Between 2006-2015, abortion rates dropped significantly, according to new Centers for Disease Control and Prevention (CDC) data. Other research suggests that greater access to birth control, due in large part to the Obama-era Affordable Care Act, likely played a role in the decline.
CDC: Abortion Rate Dropped Between 2006-2015
The new data from the CDC compared abortion rates from 52 reporting areas between 2006-2015. In 2006, the abortion rate was 15.9 abortions per 1,000 women. By 2015, the abortion rate had fallen 20%, to 11.8 abortions per 1,000 women.
The greatest decline in abortions was among teenagers ages 15-19, whose abortion rate fell by 54%.
The data did not assess why or how the abortion rate fell, but abortion rights advocates suggest that increased access to contraceptives play a pivotal role. The lower abortion rate among teenagers may also be due to state-level abortion restrictions, such as parental notification laws. Abortion clinics in most states are required to seek some form of parental consent or notification before performing abortions on minors.
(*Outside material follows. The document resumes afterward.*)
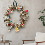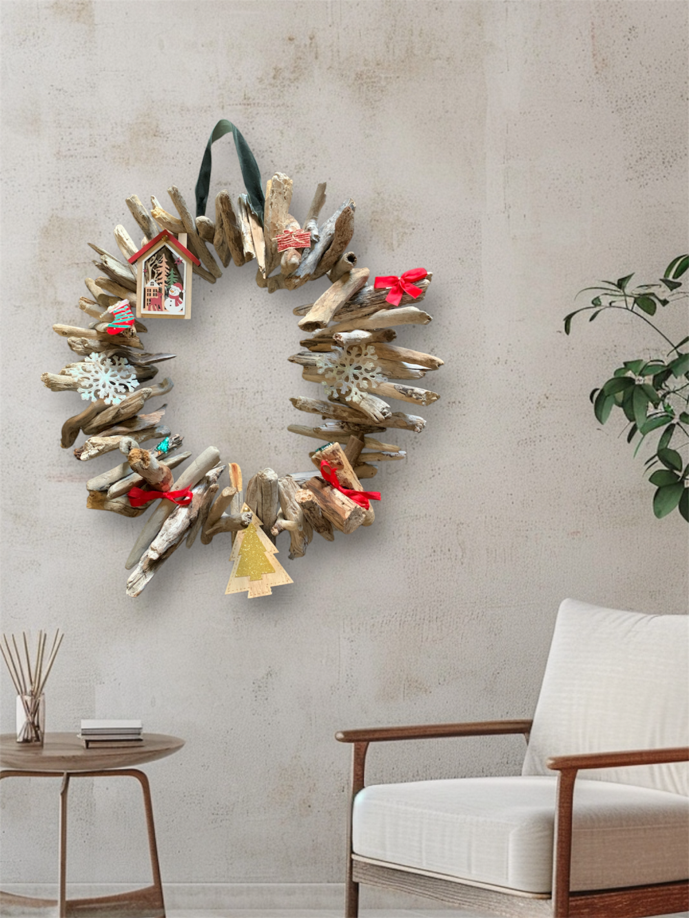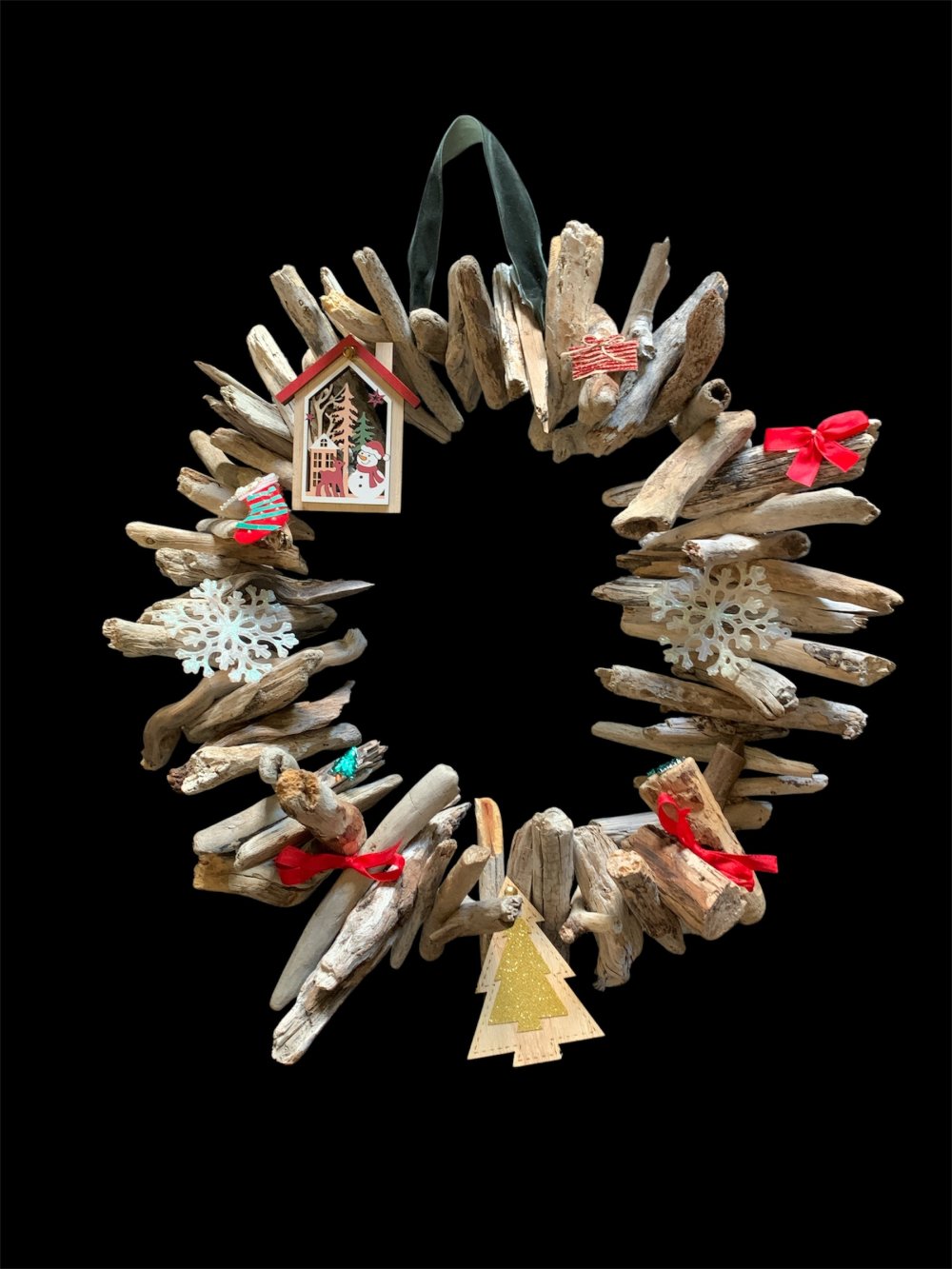 Couronne de Noël, originale, en bois flotté. Décoration murale pour Noël. Fabrication artisanale en bois flotté pour Noël. Couronne en bois flotté pour Noël. Création Made in France en bois flotté pour Noël. Pièce unique. Diamètre: 45 cm.

The decline is part of an overall trend toward fewer abortions. Meanwhile, in nations that ban abortion, the abortion rate is both rising and higher than in the United States.
How Birth Control, Greater Reproductive Freedoms Lower Abortion Rate
Previous data suggests that reproductive choice, not abortion bans, play a key role in lowering the abortion rate. Data published in 2017, for example, ties a drop in the abortion rate to increased access to contraceptives and reproductive counseling under Obamacare.
The U.S. birth rate recently hit an all-time low. This suggests not that women are deciding to give birth to babies following unexpected pregnancies. Instead, it’s more likely that women aren’t getting pregnant in the first place—compelling evidence that greater contraceptive access and reproductive knowledge play critical roles.
How Progressive Policies Can Decrease Abortion Even More
Not getting pregnant in the first place is always an easier and safer option than dealing with an unwanted pregnancy. Preventing unplanned pregnancies is the single most effective option for further lowering the abortion rate. The tactics that can accomplish this goal are no mystery. Numerous studies have documented that nine specific strategies can decrease abortion. Those strategies are:
- Free access to birth control.
- Comprehensive sex education that includes information on birth control, pleasure, and consent.
- Fostering a consent culture that enables women to decline sex.
- Paid family leave.
- Funding for birth control research.
- More affordable pregnancy care.
- Quality maternal health care.
- More accessible abortion, including allowing midwives to perform abortions.
- Increased access to affordable or free reproductive health care.
Republican leaders consistently oppose all of these policies, confirming what we already know: opposition to abortion has never been about protecting life—the woman’s or the fetus’s. It’s about punishing women, their children, and their families, for having sex.